| Hexagonal bipyramid | |
|---|---|
 | |
| Type | bipyramid |
| Faces | 12 triangles |
| Vertices | 8 |
| Vertex configuration | V4.4.6 |
| Schläfli symbol | { } + {6} |
| Coxeter diagram |      |
| Symmetry group | D6h, [6,2], (*226), order 24 |
| Rotation group | D6, [6,2]+, (226), order 12 |
| Dual polyhedron | hexagonal prism |
| Properties | convex, face-transitive |
A hexagonal bipyramid is a polyhedron formed from two hexagonal pyramids joined at their bases. The resulting solid has 12 triangular faces, 8 vertices and 18 edges. The 12 faces are identical isosceles triangles.
Although it is face-transitive, it is not a Platonic solid because some vertices have four faces meeting and others have six faces, and it is not a Johnson solid because its faces cannot be equilateral triangles; 6 equilateral triangles would make a flat vertex.
It is one of an infinite set of bipyramids.
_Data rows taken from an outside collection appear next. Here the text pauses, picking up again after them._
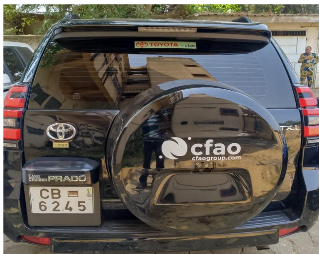
I 3 : Véhicule n°1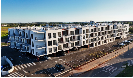
GARAŽA - garažna parkirna mjesta i spremišta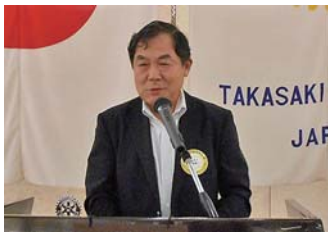
ロータリー財団寄付報告 加藤財団事業委員長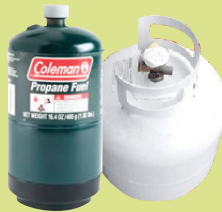
ፕሮፕሪ : ቢው-ቴይን

Having twelve faces, it is a type of dodecahedron, although that name is usually associated with the regular polyhedral form with pentagonal faces.
The hexagonal bipyramid has a plane of symmetry (which is horizontal in the figure to the right) where the bases of the two pyramids are joined. This plane is a regular hexagon. There are also six planes of symmetry crossing through the two apices. These planes are rhombic and lie at 30° angles to each other, perpendicular to the horizontal plane.